236    Given the conclusion that I have arrived at concerning the respondents’ application for summary dismissal, these outstanding applications by Mr Dunstan can be dealt with in brief terms. First, given that I have found that the respondents’ application for summary dismissal of the proceeding is meritorious and should be allowed, Mr Dunstan’s contention that the respondents’ application be summarily dismissed because it is hopeless is obviously without merit. Second, having regard to the case management orders that I have made and the fact that summary judgment is to be entered against Mr Dunstan, his application for default judgment is also hopeless and must be dismissed. Third, for essentially the same reasons, Mr Dunstan’s contention that the respondents have no reasonable prospects of successfully defending this proceeding is also hopeless and must be rejected.
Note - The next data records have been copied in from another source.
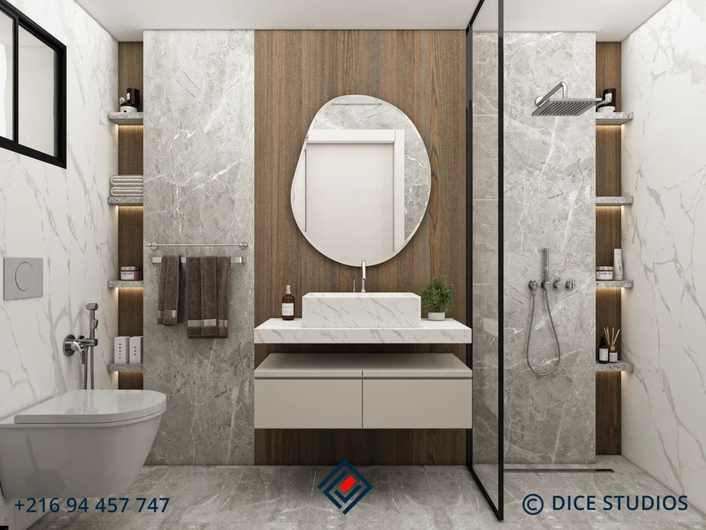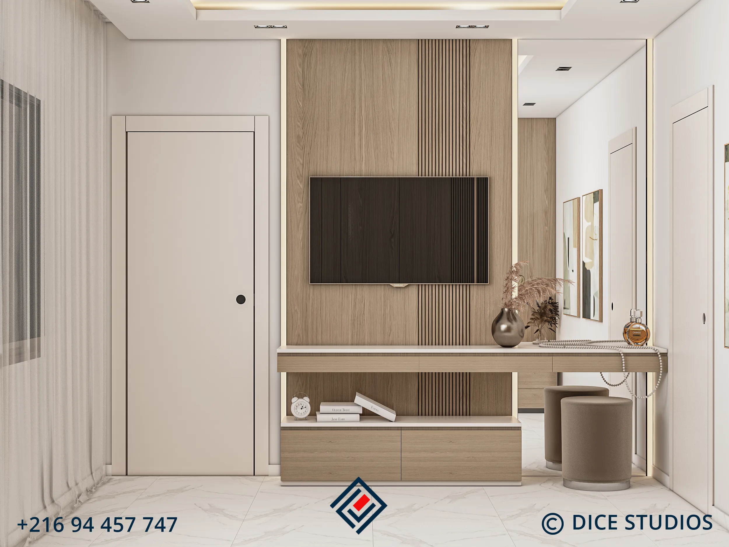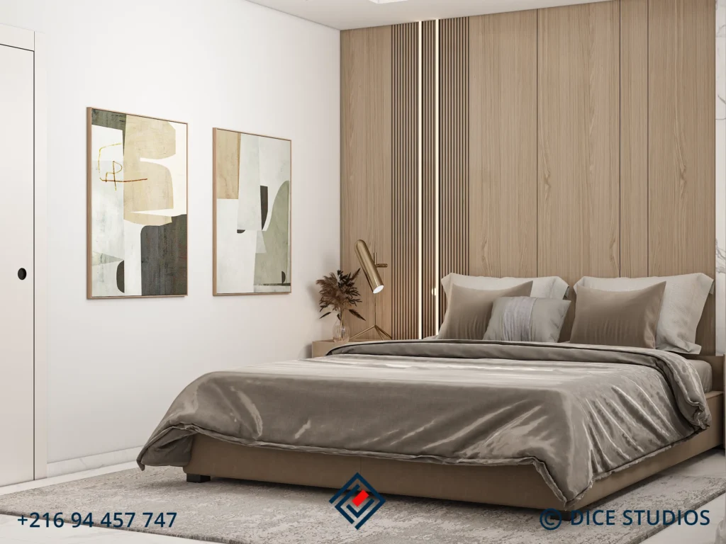 Integrated Design Details The focal point is a custom headboard featuring vertical wood slats and a high-gloss finish, contrasting elegantly with the white marble accents. Opposite the bed, a bespoke media unit merges seamlessly into a vanity desk. This integrated approach ensures the Modern Beige Master Bedroom maximizes storage while maintaining a sleek, airy aesthetic.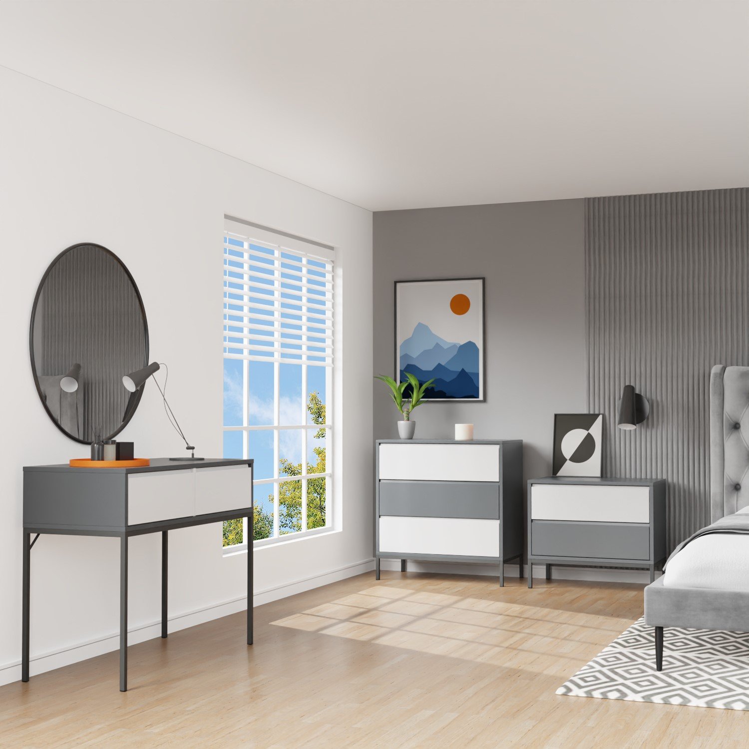 The Aiko retro dressing table makes a modern statement in any bedroom. With 2 large drawers for storing essentials and integrated handles, this piece add a practical and seamless look to your space. The two-tone grey design allows you to style it with many different colors and interior settings. Why not complete your room with the matching items?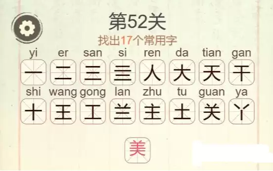 先来看看第52关的界面,核心就是屏幕中央的这个“美”字。我们的任务,就是把它“大卸八块”,找出所有隐藏的汉字。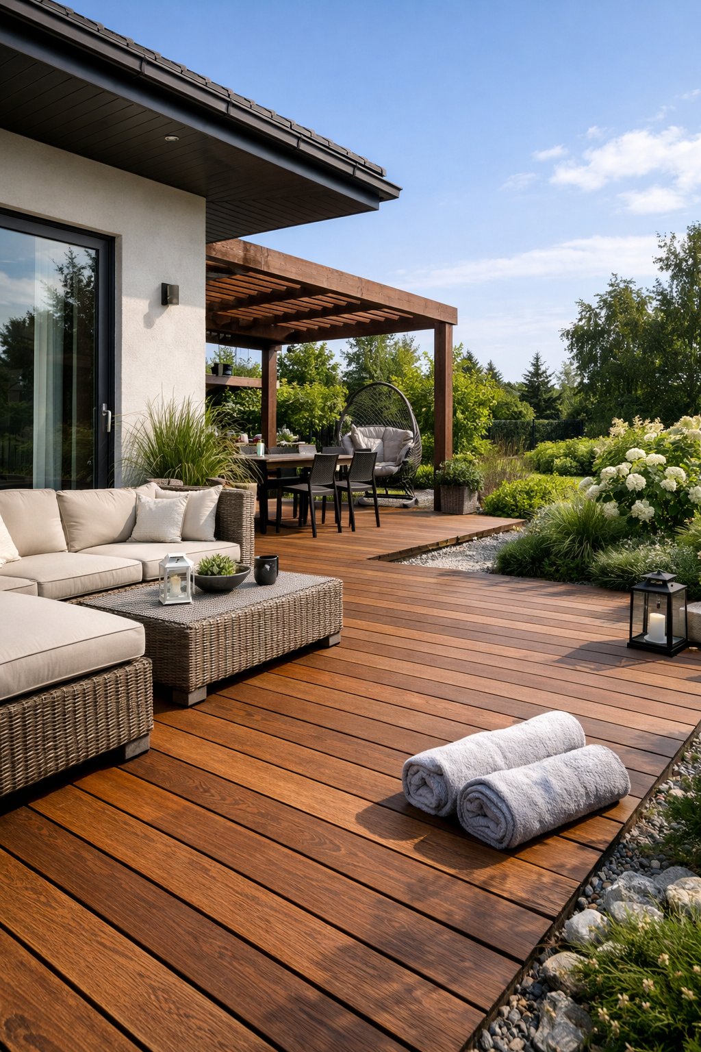 Współczesne projekty domów bardzo często zakładają, że deski na tarasie będą przedłużeniem strefy dziennej. Taras staje się wtedy integralną częścią przestrzeni mieszkalnej i miejscem wypoczynku przez większą część roku. W takich realizacjach ogromne znaczenie mają kolor, struktura oraz sposób wykończenia nawierzchni.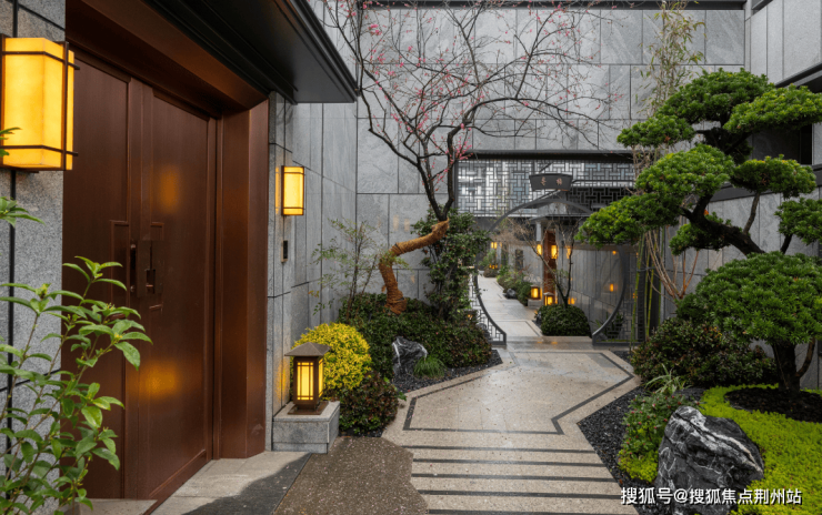 天朗气清时,水墨色与美国白金石的金绿辉映,交织出一种奢华但又深邃的沉静感。保证绝对的隐私性和生活品味。台阶、格栏、水系、亭台、树柏,层层递进,涵雲軒在追求美学的同时,做出了真正意义上的“隐奢”入口。外界无法一眼窥尽全貌,更添高门大户之神秘感。
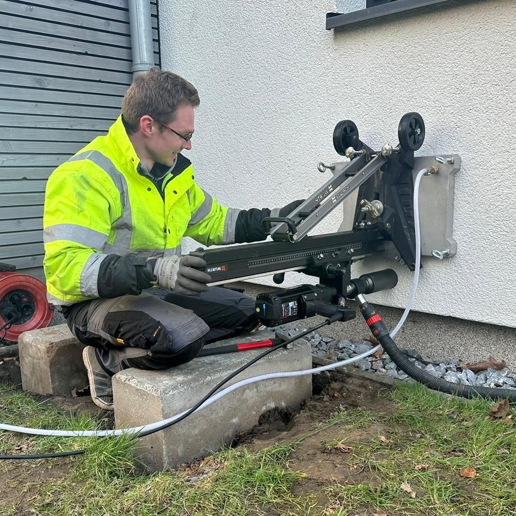 Mit unseren gewerblichen Profi-Maschinen bohren wir bis zu 500 mm nass oder trocken mit Absaugung. Auch eine Tiefe von bis zu 1,5 Metern ist kein Problem.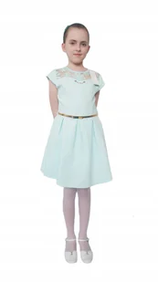 Sukienka MIĘTOWA koronka wizytowa KOMUNIA ŚLUB Śliczna elegancka sukienka ze złotą przywieszką oraz złotym paskiem. Idealna na każdą imprezę czy niedzielny s...

237    Accordingly, Mr Dunstan’s application for the orders identified in prayers 4, 5 and 6 of his interlocutory application filed on 20 July 2022 must be dismissed.

CONCLUSION AND DISPOSITION

238    Judgment will be entered for the respondents against the applicant pursuant to s 31A of the FCA Act and r 26.01 of the Rules on the basis that there is no reasonable prospect of the applicant successfully prosecuting the proceedings, no reasonable cause of action is disclosed and the proceeding is an abuse of process. Prayers 4, 5 and 6 of the applicant’s interlocutory application filed on 20 July 2022 and the entirety of the applicant’s interlocutory application filed on 8 June 2022 will be dismissed. The applicant should be ordered to pay the respondents’ costs of the proceeding, including the costs of these interlocutory applications.

I certify that the preceding two hundred and thirty-eight (238) numbered paragraphs are a true copy of the Reasons for Judgment of the Honourable Justice Wigney.